Chris Evans backed off criticizing Trump ahead of launching political website: 'A lot of Republicans didn't want to sit with me'

Chris Evans has been known to criticize President Trump in the past. He’s likened another Republican, South Carolina Sen. Lindsey Graham, to the Simpsons character Smithers, the yes-man to baddie Mr. Burns.

You might have noticed, though, The Captain America star is taking a more neutral political stance now, at least on social media. It’s part of the launch of his political website, A Starting Point, which is expected to go live this spring.

Chris Evans plans to launch a political website, called A Starting Point, this spring. (Photo: Mat Hayward/Getty Images)
Chris Evans plans to launch a political website, called A Starting Point, this spring. (Photo: Mat Hayward/Getty Images)

“I’m going to take my foot off the gas [of social media] for a little bit until we get this thing up and running,” Evans says in the April/May issue of Esquire.

Evans explains that he’s sat down to interview 160 elected officials over the past year for the website. The idea is to offer them up in two-minute videos featuring politicians taking various sides of an issue, with the goal of breaking down a topic from various perspectives to make them simple and concise for everyone to understand. The problem is that, at least for those initial interviews, most of the people he spoke with are on the same side.

“A lot of Republicans didn’t want to sit with me,” Evans tells the magazine.

A big exception was Sen.

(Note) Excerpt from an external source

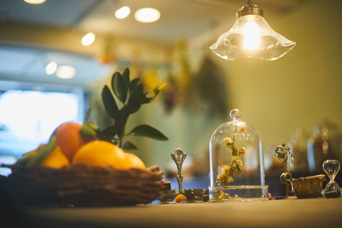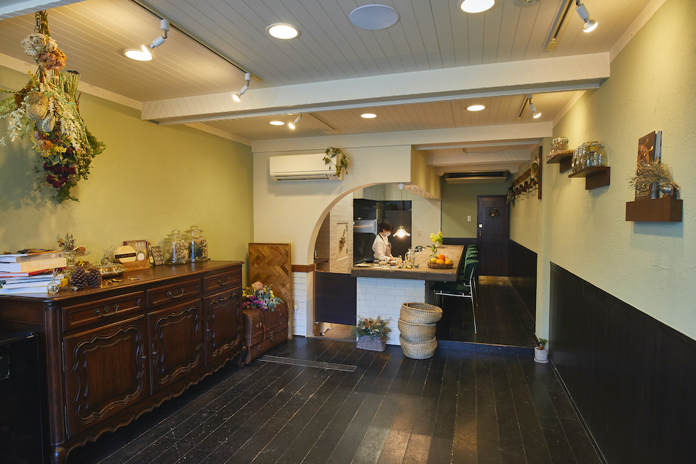 ランプシェードや食器など、杉江さんお気に入りの作家さんが作った温かみのあるモノたちと店内の至る場所に飾られたドライフラワーが、特別な雰囲気を醸し出します。

Ted Cruz, a Republican from Texas, who spoke with him in February. Cruz documented the meeting — and how much it thrilled his daughter to meet the superhero in the flesh — on Twitter.

Evans’s mother, Lisa Capuano Evans, reveals to Esquire that, in fact, her son almost didn’t take his most famous role. He was afraid of how it would affect his life.

“His biggest fear was losing his anonymity,” she tells the magazine. “He said, ‘I have a career now where I can do work I really like. I can walk my dog. Nobody bothers me. Nobody wants to talk to me. I can go wherever I want. And the idea of losing that is terrifying to me.”

Nearly a decade later, the Knives Out star said it’s unlikely that he’ll put on his Captain America costume again, and he’s put much of his focus into the website. Studying politics has been a big job.

“We were just so aware of the fact that we weren’t in our lane,” Evans says of himself and his business partner, actor and director Mark Kassen. “There was so much to learn, starting with the vernacular. Like, you don’t say the word politician; you say elected official.”

Still, Evans continues to act. He’ll show up next in the Apple TV + show Defending Jacob, about an assistant district attorney’s 14-year-old son being charged with murder.

“I don’t put myself in a box. I don’t have some huge plan in terms of what my goals are,” Evans says. “I just kind of wake up and follow my appetite. I’m at a point in my life now where I have the very, very fortunate luxury of pursuing what I want to do. And I don’t corrupt that process by thinking about how other people see me.”